Айдар услышал важную новость и поторопился к Косте. И увидел: на столе горит лампа, а Костя, положив щеку на недописанное письмо, сладко спит. Айдар сочувственно улыбнулся: «Сильно устает с непривычки. С темна до темна, не всякий мужик выдержит… — И уже иронически хмыкнул: — Как будто мне легче у наковальни!»

Разбудил Костю.

— Пошли!

— Куда? Не хочу. — Костя перекатил голову, другой щекой лег на стол.

— Пошли-пошли, новость большая… Одевайся.

Попусту Айдар не станет говорить. Костя, почти не разлепляя глаз, начал одеваться, спросонья тыкая кулаками мимо рукавов фуфайки.

— К Насте вашей раненая девушка из госпиталя приехала. С вашим Иваном Петровичем воевала, записку от него привезла.

— Правда?! — Костя даже остановился, хмурую сонливость с него точно живой водой сняло. Он нетерпеливо, с досадой глянул на хромую ногу друга.

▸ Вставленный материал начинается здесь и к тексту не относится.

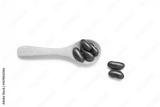 wooden spoon with beads isolated on white background
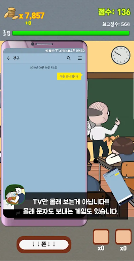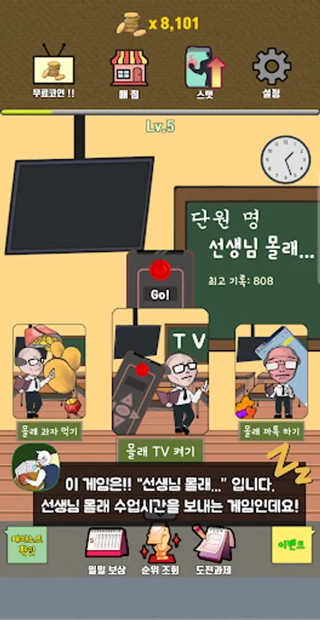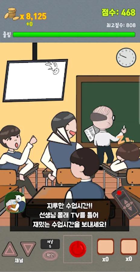 Turning on the TV is when the teacher turns around and watches the chalkboard, he plays the TV secretly and enjoys a frenzy party with his friends!

— Крыльев не нужно! — понял его взгляд Айдар. — Тут рядом. У Каршиных сегодня баня топилась, так Степанида Ларионовна забрала девушку…

— Вот здорово!

Над поселком яркая луна. За старицей осинами светится прозрачный, озвученный первыми заморозками лес. А в каршинской избе над крутоярьем пылают окна. «Как в праздник!» — радостно думает Костя.

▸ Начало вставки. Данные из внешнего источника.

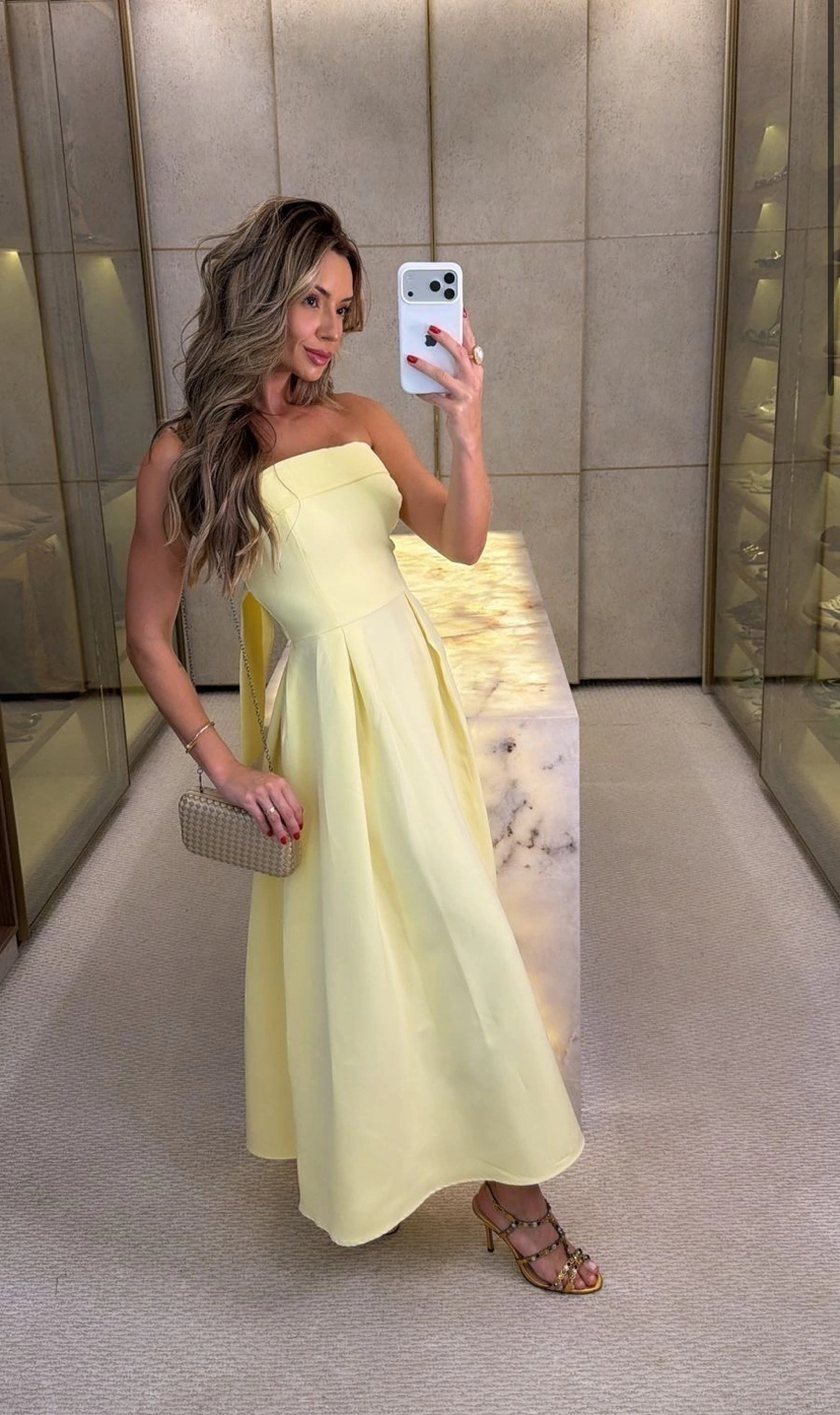 Um vestido que vai te deixar parecendo uma princesa! Ele é tomara que caia, com elástico e amarração atrás, com a saia soltinha trazendo leveza. Possui bojo. É em crepe, composição 100% poliéster.

Изба — полным-полна, сидят где кто. Тут и маманя Костина, и тетка Варвара Горобцова, и Анна Никитична, и сами Каршины, и Августа Тимофеевна Шапелич, и еще, еще. Нет только гостьи. Она, оказывается, в бане, ей там, как пояснила Степанида Ларионовна, «фершальша изранетую ногу перевязывает».

Улиткой проползла от порога бабка Каймашникова, бабака, как ее зовут в поселке. Села, прижалась щекой к теплому боку печки. На обоих глазах красные ячмени.

— Еще и покрова не было, а уж холодно, матри, как на Николу. — Отогрелась чуть и со вниманием пастуха, считающего отару после длинного перегона, ощупала блеклым взором сверстниц: — А Палагеи нет? Не захворала ль?.. Правду баят ай врут, быдто теплые вещи будут для фронта сыбирать? Я уж напряла на варежки. Вдруг Мишатке нашему попадут…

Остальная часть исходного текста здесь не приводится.